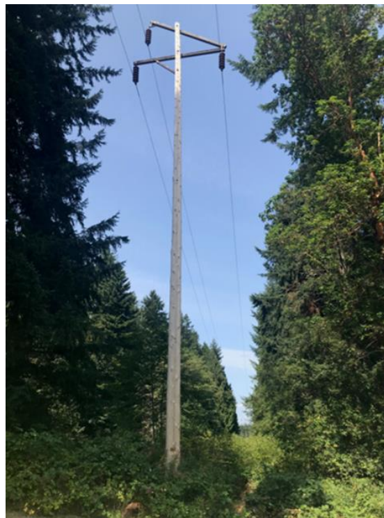
Pictured: The existing Winslow Tap corridor, which has 1960-era equipment nearing the end of its useful life that needs to be replaced.
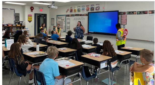
Quality Teaching and Learning
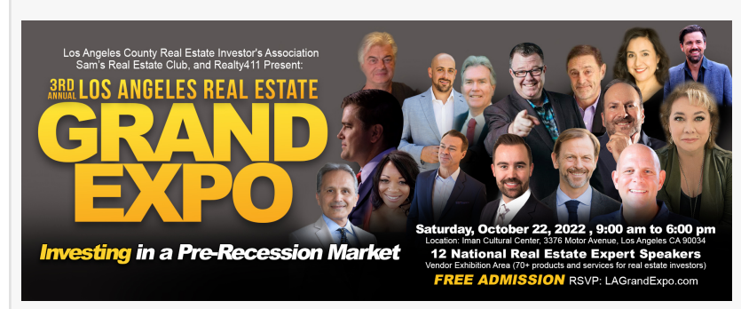
Banner for Grand Expo

This press release can be viewed online at: https://www.einpresswire.com/article/592278017
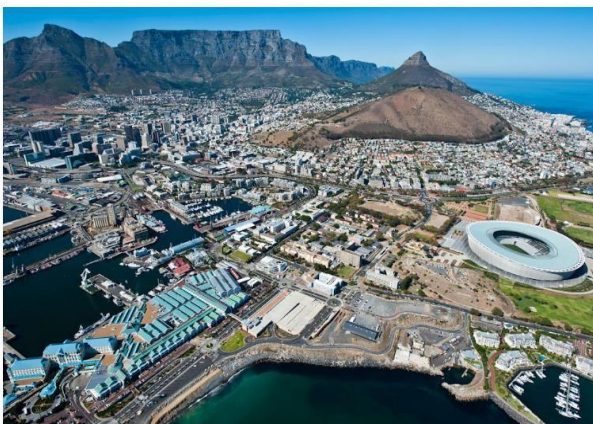
Figure 5 Aerial view of the V&AW
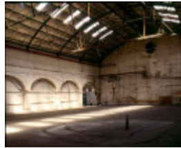
H02027 retort house brunswick nov 2002
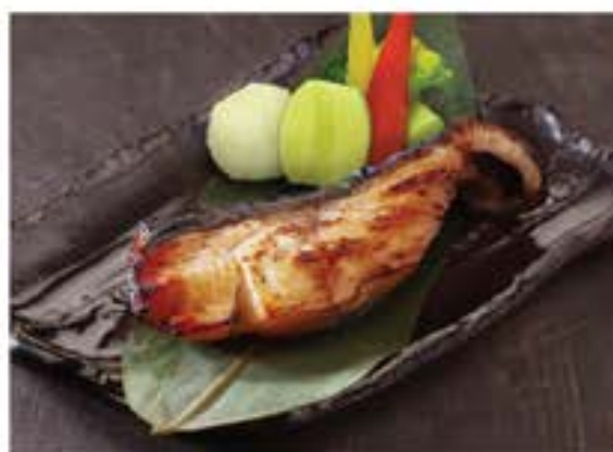
銀だら西京焼き Gindara Saikyoyaki
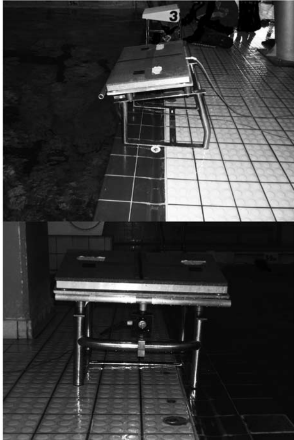
Figure 3 — The modified starting block.

angle. However, due to the dimensions of the force plate, the depth of the starting block was reduced by 7 cm. Force data were analyzed using Bioware version 3.24 (Amherst, New York) and upper limb data were analyzed using Biometrics Datalogger (Biometrics, UK) software.
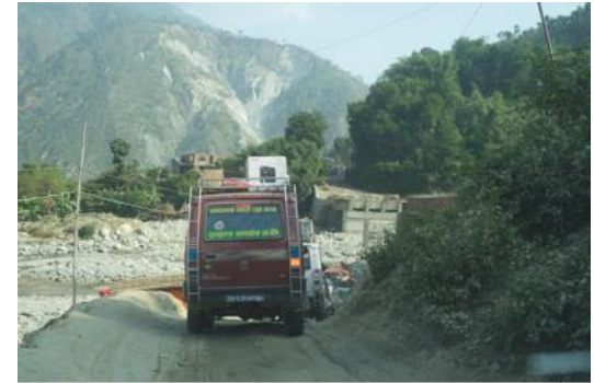
On our way to Okhaldhunga
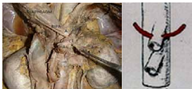
Figure 2: Photograph showing abnormal - pentafurcation of the coeliac trunk.

are of considerable importance in liver transplants, laparoscopic surgery, radiological abdominal interventions and penetrating injuries to the abdomen.
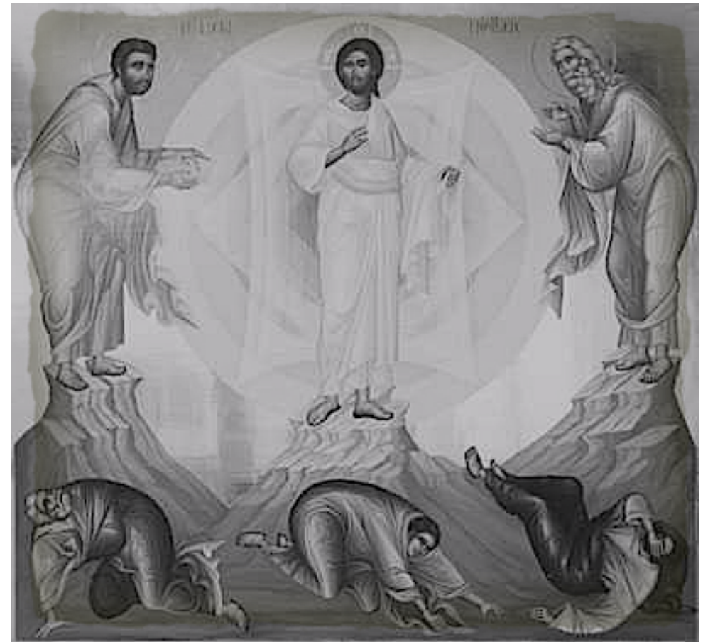
The Transfiguration - 6 th August

The parish magazine of St Mary's & St Luke's Serving the communities of Rope, Willaston & Wistaston.
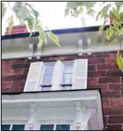
The Rocklands Farmhouse originated as the Allnutts' farm in 1870. Read all about it on page 10.
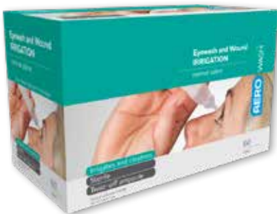
Sodium Chloride Eye Wash Ampoule 60pk
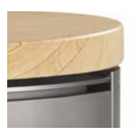
Accessory: Sandstone top
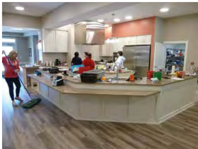
At The Greens daily life is based on three fundamental core values, Meaningful Life ~ Empowered Staff ~ Real Home.
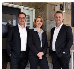
The Sales Team 03 5755 1307

View : https://www.dickensrealestate.com.au/sale/vic/north-eastern/bright/residential/townhouse/7808188
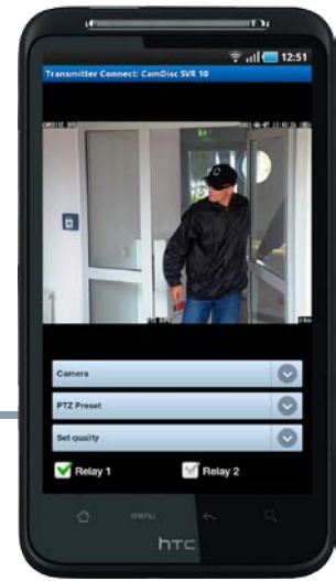
Live video transmission with camera and relay control
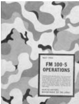
The Army's "capstone" AirLand Battle doctrine as originally defined in the 1982 version of Field Manual (FM) 100-5, Operations, was revised in 1986.
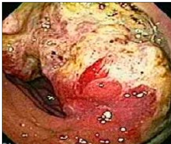
Figure 1. A duodenal tumor obstructing access to the main duodenal papilla for endoscopic retrograde cholangiopancreatography.

JB With the explosion of obesity in the United States, body habitus must be considered when evaluating patients for ERCP. Morbidly obese persons are harder to sedate with standard intravenous agents (moderate sedation), more likely to suffer from sleep apnea, and more difficult to resuscitate in an emergency. Increasingly, ERCP is being performed under monitored anesthesia care or full general anesthesia, and this is especially important in obese patients. The standard semiprone (almost face-down) position typically used for ERCP adds to the difficulty of accessing the airway in the event of respiratory depression or arrest in these patients. For this reason, anesthesia providers may request that the procedure be performed in the supine position, which is technically more demanding. Patients under anesthesia are usually immobilized by tape or straps attached to the fluoroscopy table, making subsequent repositioning
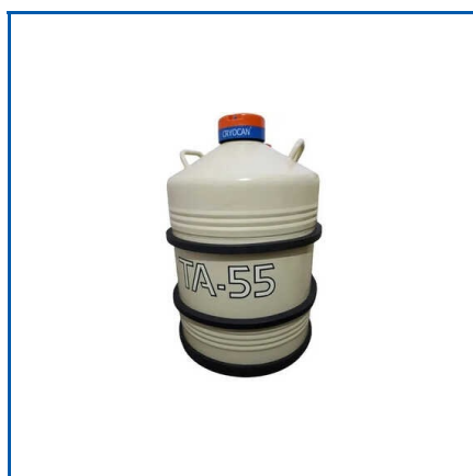
TA-55 LIQUID NITROGEN CONTAINER CRYOCAN

9 Inch Stainless Steel Castrator, AI Gloves LDPE, Acetylene Gas Cylinder, Argon Gas Cylinder, Argon Industrial Gas, BA 0.5 Nitrogen Container, BA 1.5 Nitrogen Container, BA 11X Nitrogen Container, BA 7 Nitrogen Container, BA-11 Cryocan Liquid Nitrogen Container, BA-2X Nitrogen Container, BA-7 Liquid Nitrogen Container Cryocan, BA-7 Liquid Nitrogen Container, Ba-20 Liquid Nitrogen Container Cryocan, Brass A.I Lock Gun, etc.
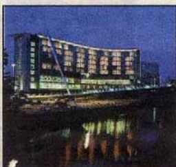
STYLISH: The luxurious Lowry Hotel

Despite spending more than 35 years living and working in the UK, I don't really know my own country very well. I would happily travel overseas to the furthest regions of the planet and spend my annual holiday in search of foreign adventure, but it never really crossed my mind to stay in England and explore. Now living in Dubai for a number of years, the thought of returning to my homeland as a weekend tourist was a strange concept. Why would I now travel 5,600km miles to explore a city I once lived two hours from on the
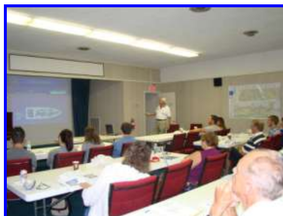
ABC Class August 2012
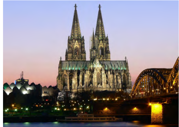
Cathedral of Cologne

In the 8th century, Charlemagne made the city an archbishopric, and by the 10th century its ecclesiastical status overshadowed commerce. The city remained under the control of the archbishop until 1288 when it became a free imperial city. 79 Cologne joined the Hanseatic League and continued to prosper. In 1388, Cologne became the first city university in Europe. 80 The French took Cologne in 1794 and lifted the prohibition of Protestant services and the presence of Jews in the city after dark. 81
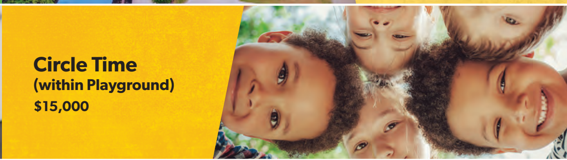
Circle Time (within Playground) $15,000
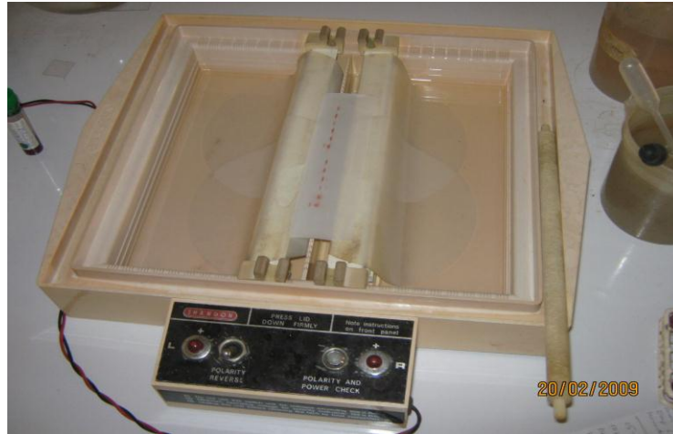
Fig 2- An electrophoresis tank showing acetate strips and band separations as a result of current flowing from a galvanometer.
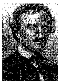
Edgar Allan Poe
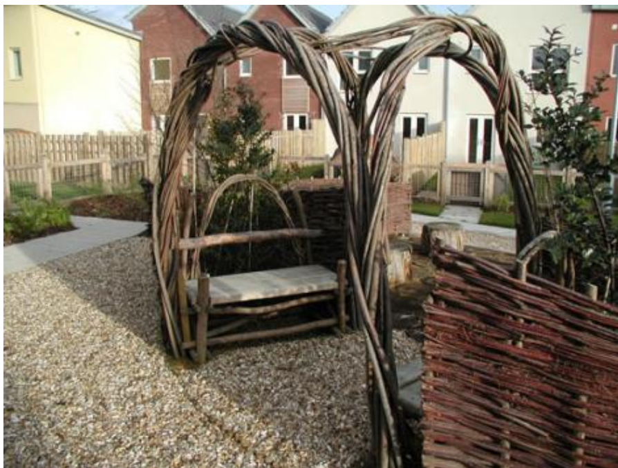
Seating areas giving private but attractive space – The Staiths at Gateshead

Giving consideration to the residents living at the accommodation, garden areas should be functional, useful and safe external spaces which can provide areas for relaxation; socialising; activities and private space. The benefits of green space have a direct effect on quality of life in terms of both physical and mental wellbeing.
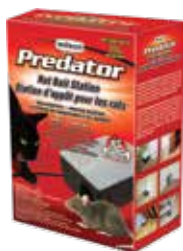
WILSON® PREDATOR® Rat Bait Station CODE: 7 74105 0 SIZE: 1 station
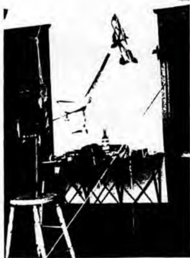
Marcel Duchamp, Sculpture of Bicycles , 1918

Ukeles' performances enable us to envision the readymades not only as everyday commodities, but as maintenance objects: objects for hanging, storing, drying, grooming, keeping tidy. If Ukeles' exposure of maintenance labor disallowed the smooth functioning of the museum, so too Duchamp's readymades altered the "proper" work of the artist's studio. But whereas Duchamp's insurgency against the tedium of both everyday domestic labor and artistic creation was evidenced by his stalling of them, hence limiting his production of art works, and the labor they involved, Ukeles knew all too well that the dust would catch up. Her mutiny took the form of her insistence that her unavoidable daily labor should work double time for double value, art and maintenance—maintenance art.

* * *

Only the lines from the start of the material to the line with "Live video transmission", inclusive, belong in the answer, printed exactly and free of pictures.

Pictured: The existing Winslow Tap corridor, which has 1960-era equipment nearing the end of its useful life that needs to be replaced.
Quality Teaching and Learning
Banner for Grand Expo

This press release can be viewed online at: https://www.einpresswire.com/article/592278017
Figure 5 Aerial view of the V&AW
H02027 retort house brunswick nov 2002
銀だら西京焼き Gindara Saikyoyaki
Figure 3 — The modified starting block.

angle. However, due to the dimensions of the force plate, the depth of the starting block was reduced by 7 cm. Force data were analyzed using Bioware version 3.24 (Amherst, New York) and upper limb data were analyzed using Biometrics Datalogger (Biometrics, UK) software.
On our way to Okhaldhunga
Figure 2: Photograph showing abnormal - pentafurcation of the coeliac trunk.

are of considerable importance in liver transplants, laparoscopic surgery, radiological abdominal interventions and penetrating injuries to the abdomen.
The Transfiguration - 6 th August

The parish magazine of St Mary's & St Luke's Serving the communities of Rope, Willaston & Wistaston.
The Rocklands Farmhouse originated as the Allnutts' farm in 1870. Read all about it on page 10.
Sodium Chloride Eye Wash Ampoule 60pk
Accessory: Sandstone top
At The Greens daily life is based on three fundamental core values, Meaningful Life ~ Empowered Staff ~ Real Home.
The Sales Team 03 5755 1307

View : https://www.dickensrealestate.com.au/sale/vic/north-eastern/bright/residential/townhouse/7808188
Live video transmission with camera and relay control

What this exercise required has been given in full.